Mumsnet has not checked the qualifications of anyone posting here. If you need help urgently or expert advice, please see our domestic violence webguide and/or relationships webguide. Many Mumsnetters experiencing domestic abuse have found this thread helpful: Listen up, everybody

Call him out or go ghost?

73 replies

BootsandCatss · 07/03/2026 17:31

I’ve been seeing a guy for a few months, but recently I’m noticing red flags, obviously I’m not going to pursue anything further with him, but should I call him out on this behaviour? If so what would I say? Or do I just walk away and say nothing?

Red flags I’ve noticed are the nights I’m childfree(which is rare) and if he can’t join me he’ll go in a mood because I must be spending them with someone else.
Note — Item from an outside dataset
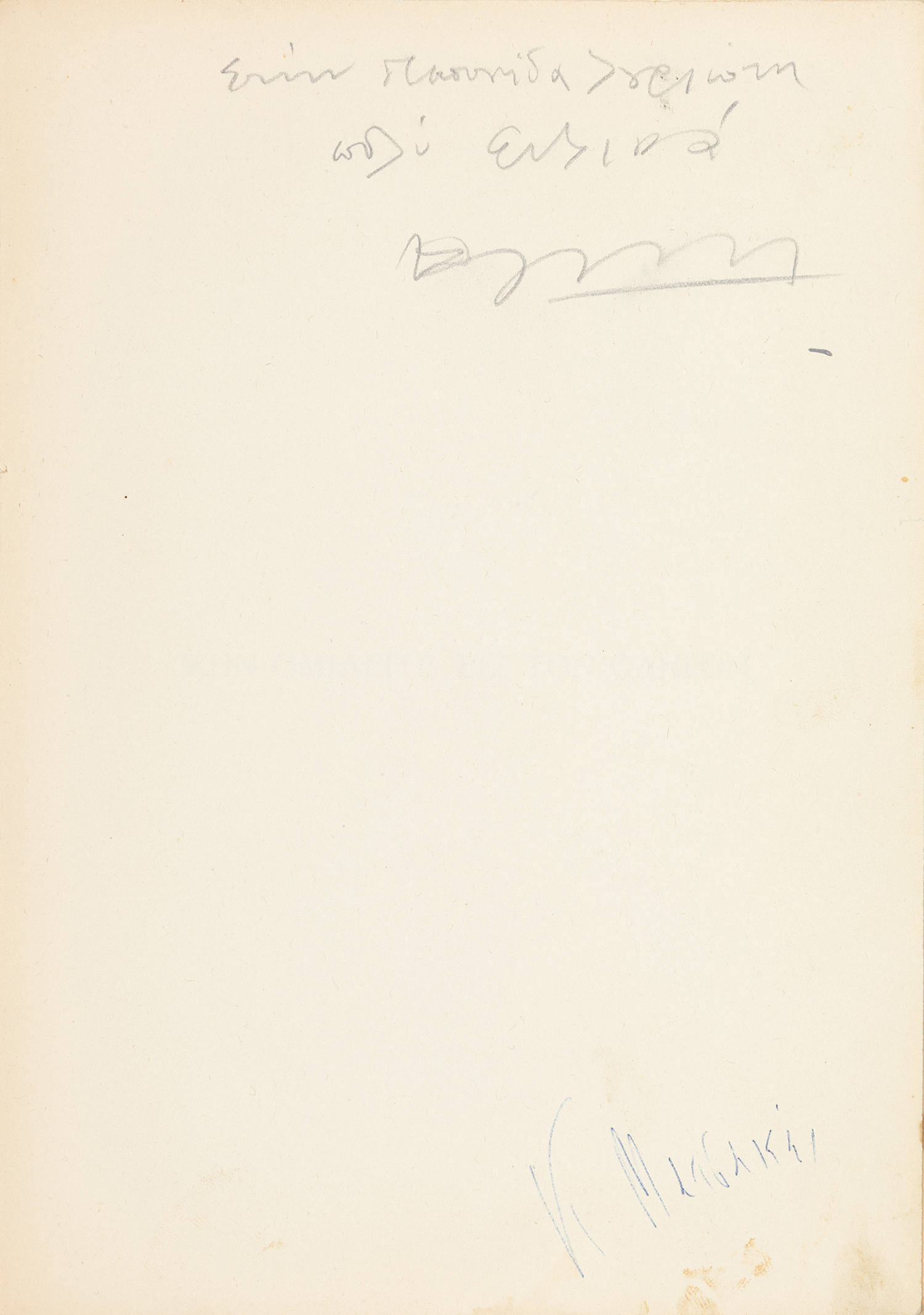Τιμή εκτίμησης: € 300 - 400ΠΡΩΤΗ ΕΚΔΟΣΗ, περιορισμένη σε 200 αριθμημένα αντίτυπα. 54 σ. (ελαφρά λερωμένα λίγα φύλλα). Αντίτυπο με ιδιόχειρη αφιέρωση («Στην δεσποινίδα Λουριώτη / πολύ φιλικά / Ἐγγ—»). Αρχικά εξώφυλλα (λίγο λερωμένα, λυμένη η ράχη). • Η ΠΡΩΤΗ ΠΟΙΗΤΙΚΗ ΣΥΛΛΟΓΗ ΤΟΥ ΕΓΓΟΝΟΠΟΥΛΟΥ.

Then the other day I updated my WhatsApp picture, which only family and friends can see, not very many people have my number for various reasons, he started accusing me of updating it for attention from other men, started an argument which led to him telling me he has an issue with what I wear, because I wear “revealing clothes” and he’s not ok with it. For the last 2 days I’ve taken a step back and he keeps pushing for an argument I have tried to talk to him calmly and told him to come to me respectfully with any issues he’s got and all I get is “what’s the point” but then he carries on with digs to get a reaction.

OP posts:
outerspacepotato · 07/03/2026 20:10

He's very controlling and likely to turn abusive. Do not break up in person.

Do not call him out. It's not safe and you're wasting your time. Block and watch your back.

JustGiveMeReason · 07/03/2026 20:11

exhaustDAD · 07/03/2026 17:37

Oof. Did someone wish upon a falling star and wished for that page of "INSECURITIES" to come to life from the dictionary? I don't throw that word around often, it's being used way too often for everything nowadays, but by the sound of it, @BootsandCatss , your suitor certainly earned it.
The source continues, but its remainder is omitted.